Data for review Block Start

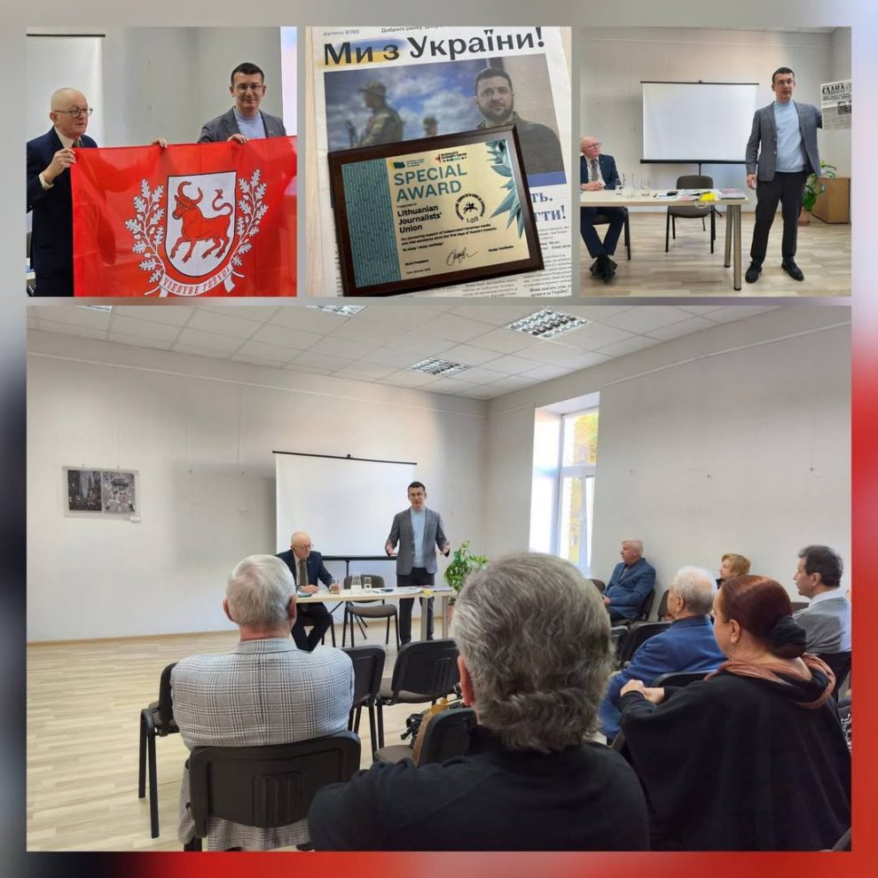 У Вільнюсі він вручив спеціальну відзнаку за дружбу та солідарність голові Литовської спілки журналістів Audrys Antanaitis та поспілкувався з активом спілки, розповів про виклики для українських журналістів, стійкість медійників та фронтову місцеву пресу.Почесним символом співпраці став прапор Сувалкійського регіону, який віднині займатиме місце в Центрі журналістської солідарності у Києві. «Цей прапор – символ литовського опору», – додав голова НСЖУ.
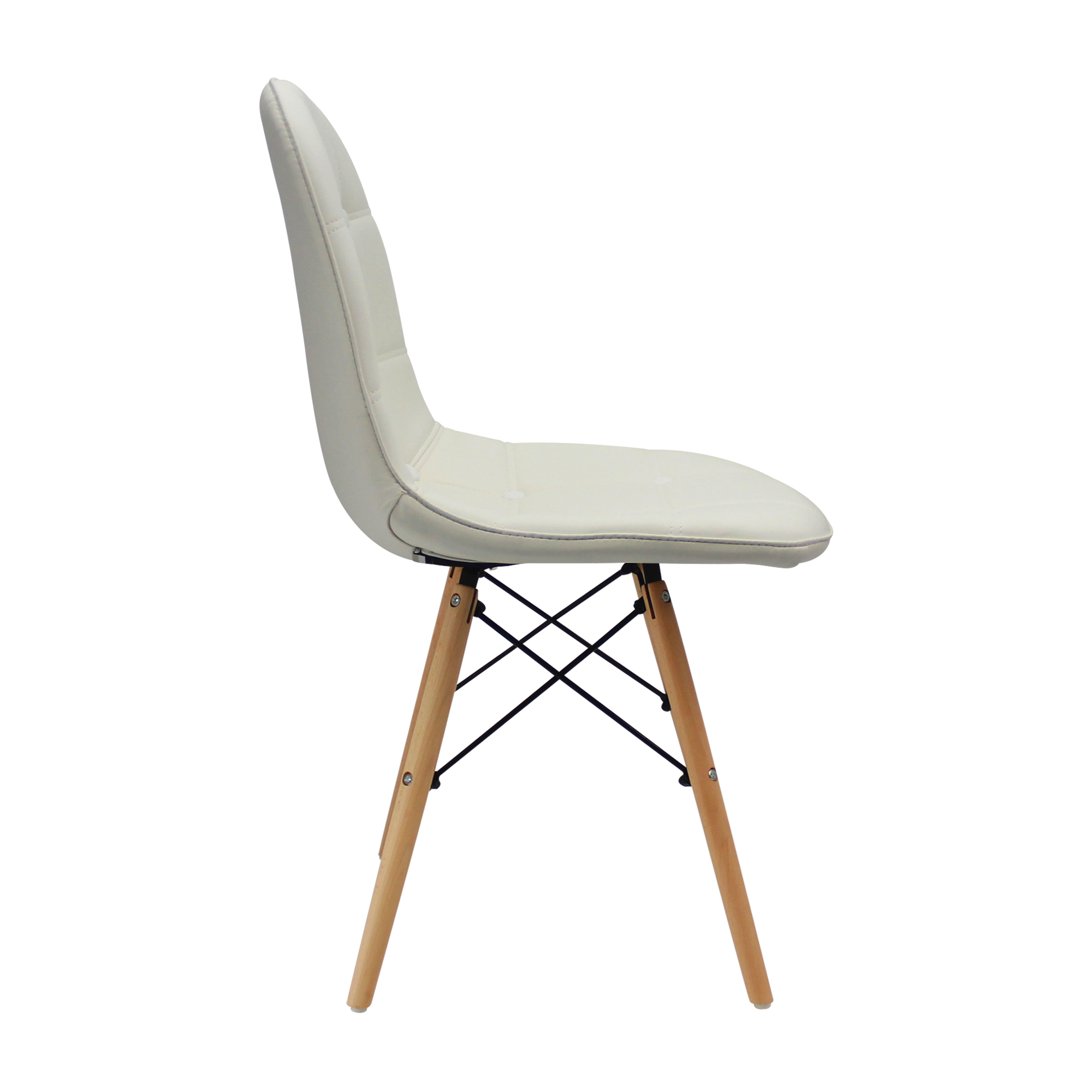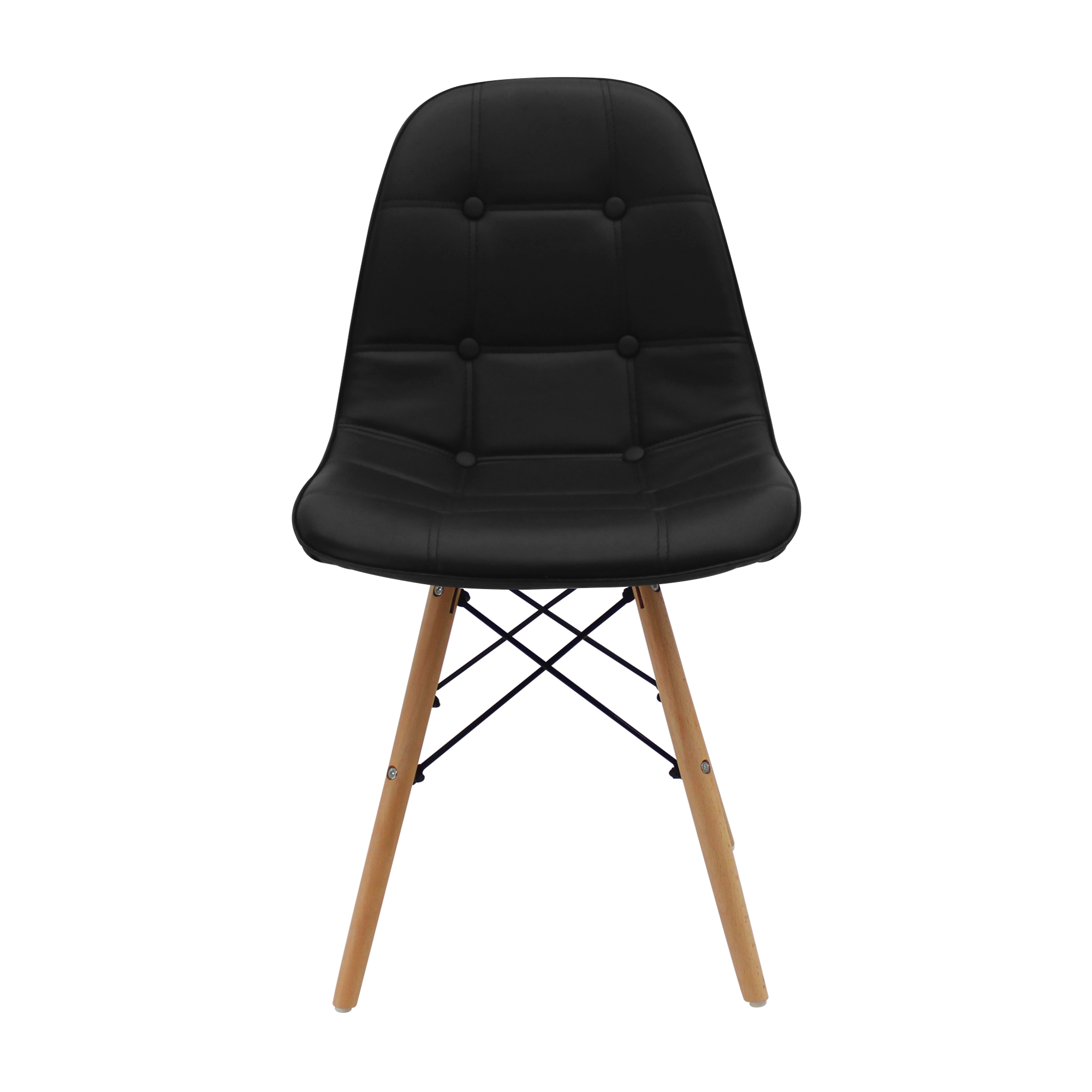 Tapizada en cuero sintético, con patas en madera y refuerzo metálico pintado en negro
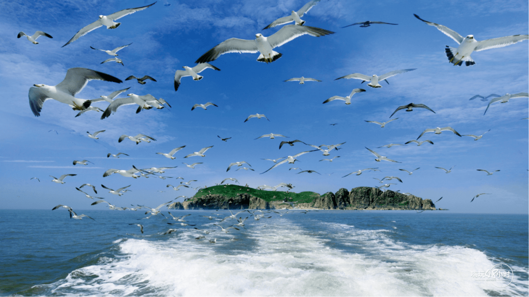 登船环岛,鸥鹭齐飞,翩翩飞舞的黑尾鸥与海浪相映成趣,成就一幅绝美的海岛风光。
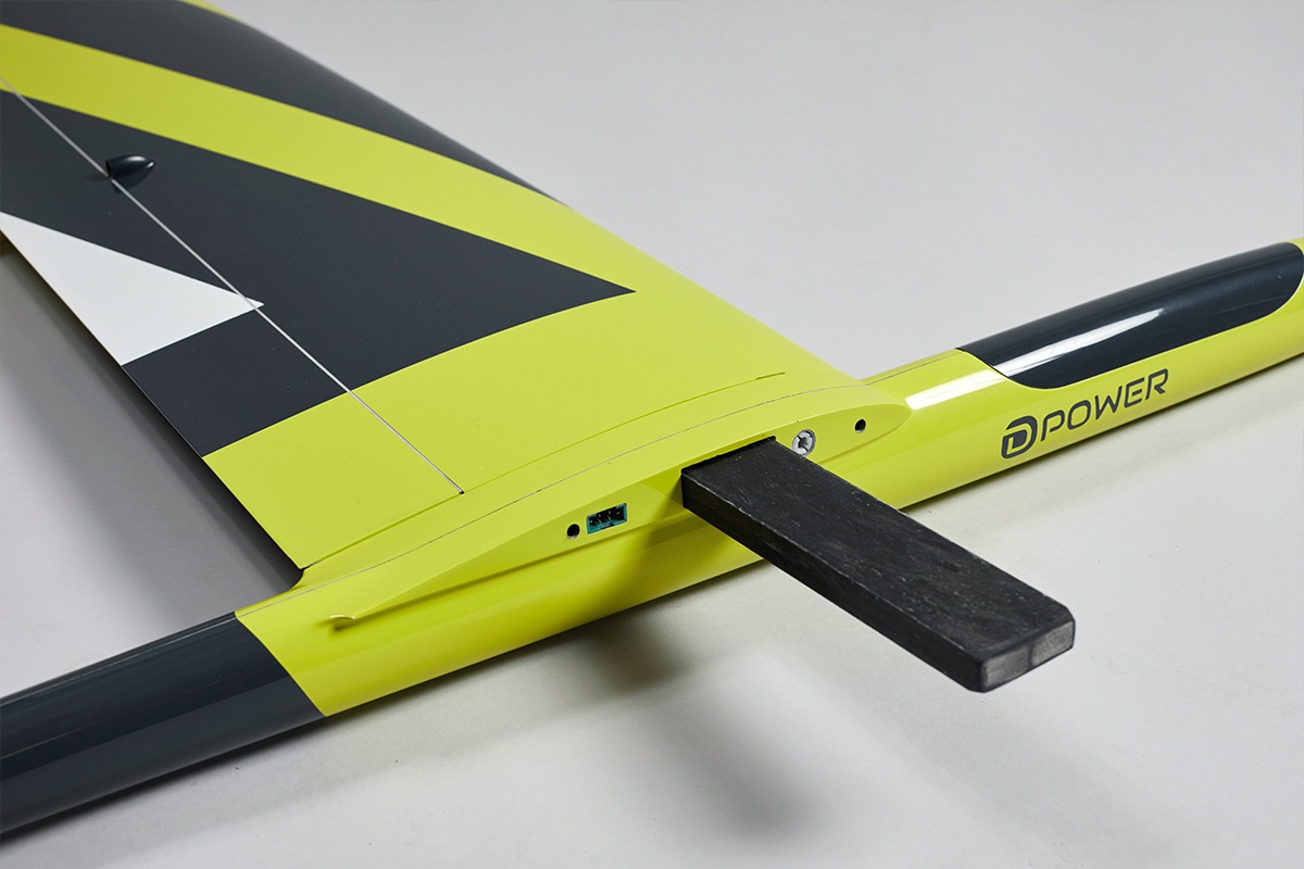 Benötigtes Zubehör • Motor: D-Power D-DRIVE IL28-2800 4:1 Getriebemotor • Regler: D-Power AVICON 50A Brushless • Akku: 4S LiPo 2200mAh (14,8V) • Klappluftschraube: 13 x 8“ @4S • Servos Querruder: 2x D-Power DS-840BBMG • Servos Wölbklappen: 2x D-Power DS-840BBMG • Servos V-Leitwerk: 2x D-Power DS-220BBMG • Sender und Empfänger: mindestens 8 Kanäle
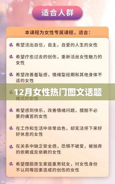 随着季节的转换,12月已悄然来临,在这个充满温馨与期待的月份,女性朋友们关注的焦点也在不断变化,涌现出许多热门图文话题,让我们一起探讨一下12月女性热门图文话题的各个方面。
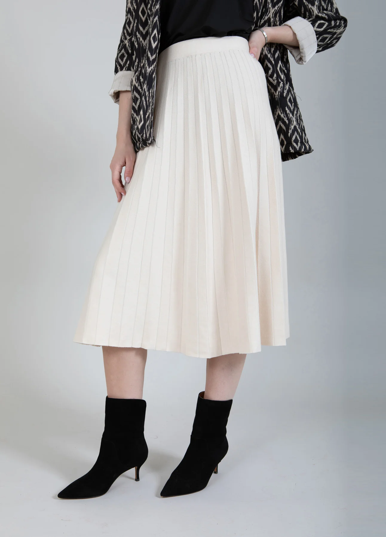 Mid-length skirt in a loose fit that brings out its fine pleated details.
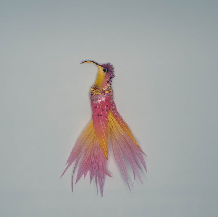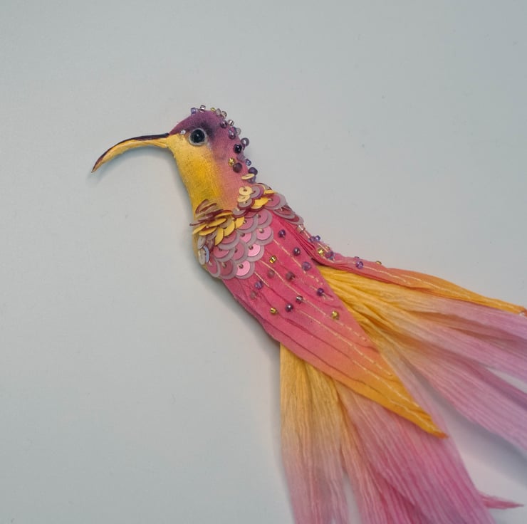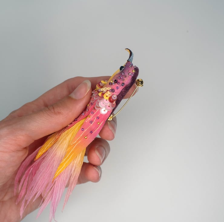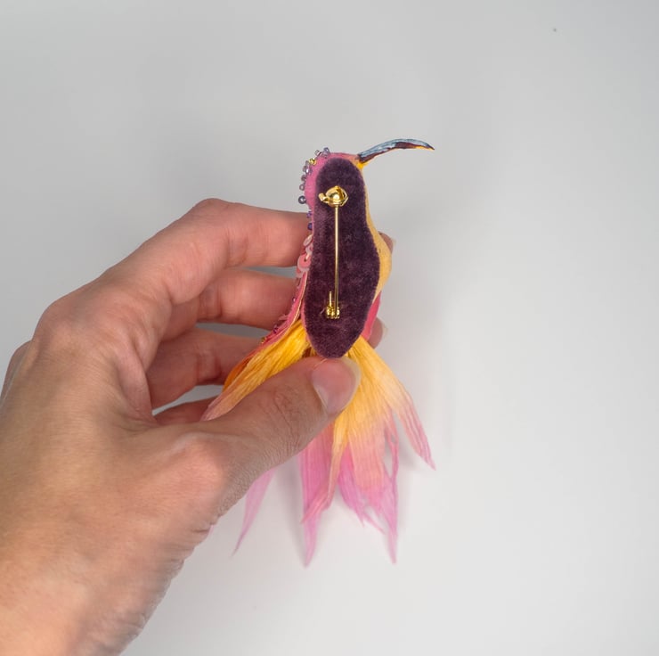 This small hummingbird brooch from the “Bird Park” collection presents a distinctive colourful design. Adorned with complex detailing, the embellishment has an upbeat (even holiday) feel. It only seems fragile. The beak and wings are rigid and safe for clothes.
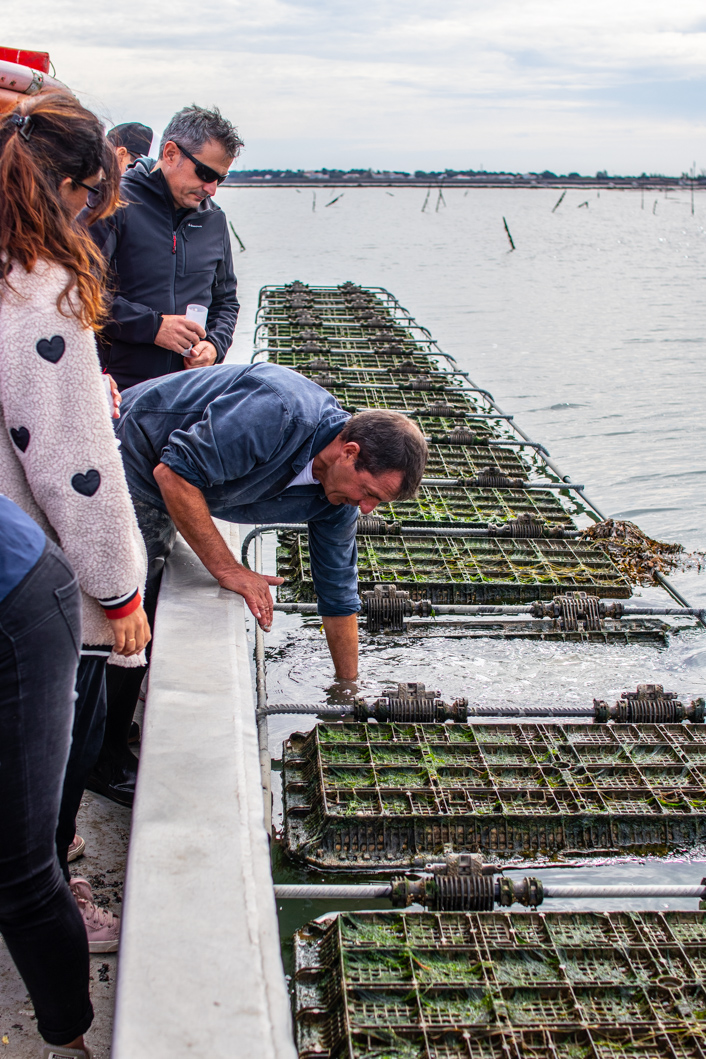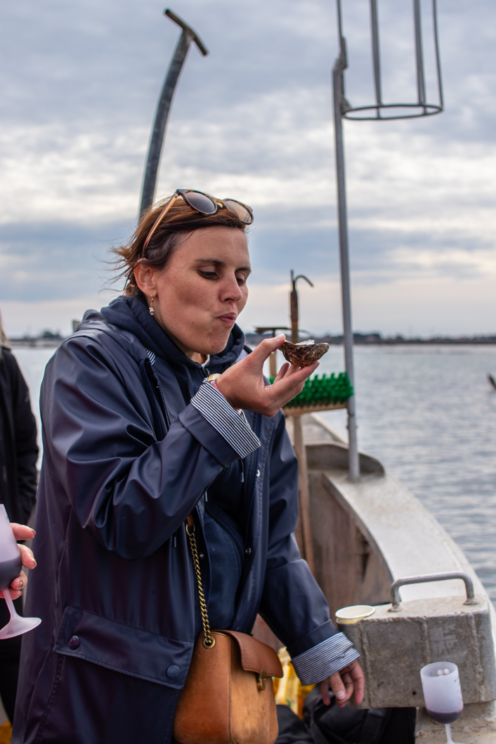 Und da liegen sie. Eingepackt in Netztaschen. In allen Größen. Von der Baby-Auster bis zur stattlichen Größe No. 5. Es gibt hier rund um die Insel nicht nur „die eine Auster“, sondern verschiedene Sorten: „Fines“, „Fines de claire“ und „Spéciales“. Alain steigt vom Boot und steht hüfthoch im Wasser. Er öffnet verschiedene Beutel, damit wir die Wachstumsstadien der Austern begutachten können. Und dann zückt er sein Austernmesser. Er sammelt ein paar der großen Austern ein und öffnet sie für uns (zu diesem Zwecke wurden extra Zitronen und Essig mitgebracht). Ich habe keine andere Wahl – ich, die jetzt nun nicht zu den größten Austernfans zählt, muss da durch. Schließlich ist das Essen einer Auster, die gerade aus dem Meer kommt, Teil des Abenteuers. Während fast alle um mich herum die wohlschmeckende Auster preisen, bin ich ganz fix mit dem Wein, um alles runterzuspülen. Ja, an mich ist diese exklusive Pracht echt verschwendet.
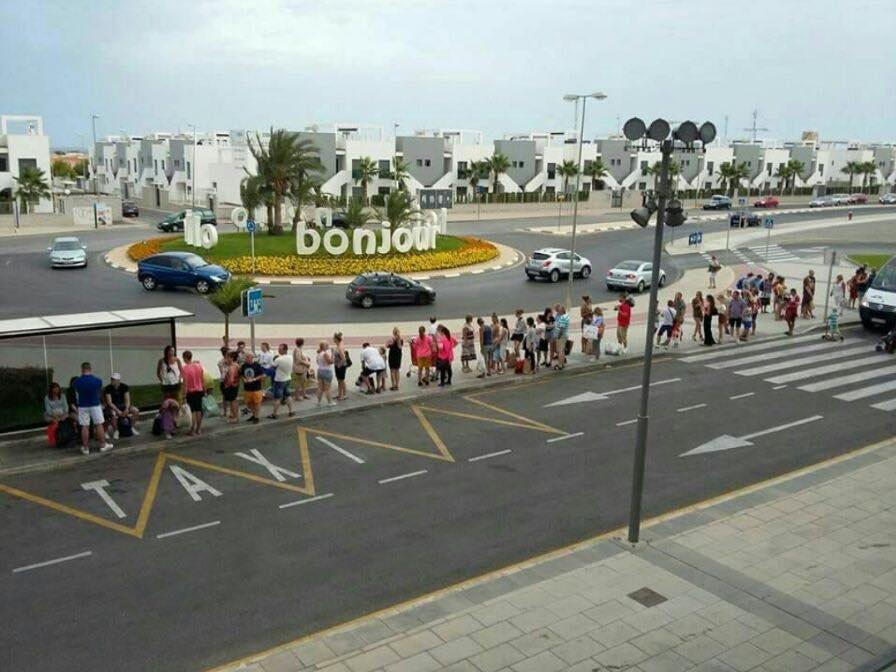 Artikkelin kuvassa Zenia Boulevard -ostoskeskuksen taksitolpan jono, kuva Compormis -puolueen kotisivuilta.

Data for review Block End

§ What this task involves: What comes back should match the records exactly, minus any pictures.

§ Exercise solution:
 У Вільнюсі він вручив спеціальну відзнаку за дружбу та солідарність голові Литовської спілки журналістів Audrys Antanaitis та поспілкувався з активом спілки, розповів про виклики для українських журналістів, стійкість медійників та фронтову місцеву пресу.Почесним символом співпраці став прапор Сувалкійського регіону, який віднині займатиме місце в Центрі журналістської солідарності у Києві. «Цей прапор – символ литовського опору», – додав голова НСЖУ.
 Tapizada en cuero sintético, con patas en madera y refuerzo metálico pintado en negro
 登船环岛,鸥鹭齐飞,翩翩飞舞的黑尾鸥与海浪相映成趣,成就一幅绝美的海岛风光。
 Benötigtes Zubehör • Motor: D-Power D-DRIVE IL28-2800 4:1 Getriebemotor • Regler: D-Power AVICON 50A Brushless • Akku: 4S LiPo 2200mAh (14,8V) • Klappluftschraube: 13 x 8“ @4S • Servos Querruder: 2x D-Power DS-840BBMG • Servos Wölbklappen: 2x D-Power DS-840BBMG • Servos V-Leitwerk: 2x D-Power DS-220BBMG • Sender und Empfänger: mindestens 8 Kanäle
 随着季节的转换,12月已悄然来临,在这个充满温馨与期待的月份,女性朋友们关注的焦点也在不断变化,涌现出许多热门图文话题,让我们一起探讨一下12月女性热门图文话题的各个方面。
 Mid-length skirt in a loose fit that brings out its fine pleated details.
 This small hummingbird brooch from the “Bird Park” collection presents a distinctive colourful design. Adorned with complex detailing, the embellishment has an upbeat (even holiday) feel. It only seems fragile. The beak and wings are rigid and safe for clothes.
 Und da liegen sie. Eingepackt in Netztaschen. In allen Größen. Von der Baby-Auster bis zur stattlichen Größe No. 5. Es gibt hier rund um die Insel nicht nur „die eine Auster“, sondern verschiedene Sorten: „Fines“, „Fines de claire“ und „Spéciales“. Alain steigt vom Boot und steht hüfthoch im Wasser. Er öffnet verschiedene Beutel, damit wir die Wachstumsstadien der Austern begutachten können. Und dann zückt er sein Austernmesser. Er sammelt ein paar der großen Austern ein und öffnet sie für uns (zu diesem Zwecke wurden extra Zitronen und Essig mitgebracht). Ich habe keine andere Wahl – ich, die jetzt nun nicht zu den größten Austernfans zählt, muss da durch. Schließlich ist das Essen einer Auster, die gerade aus dem Meer kommt, Teil des Abenteuers. Während fast alle um mich herum die wohlschmeckende Auster preisen, bin ich ganz fix mit dem Wein, um alles runterzuspülen. Ja, an mich ist diese exklusive Pracht echt verschwendet.
 Artikkelin kuvassa Zenia Boulevard -ostoskeskuksen taksitolpan jono, kuva Compormis -puolueen kotisivuilta.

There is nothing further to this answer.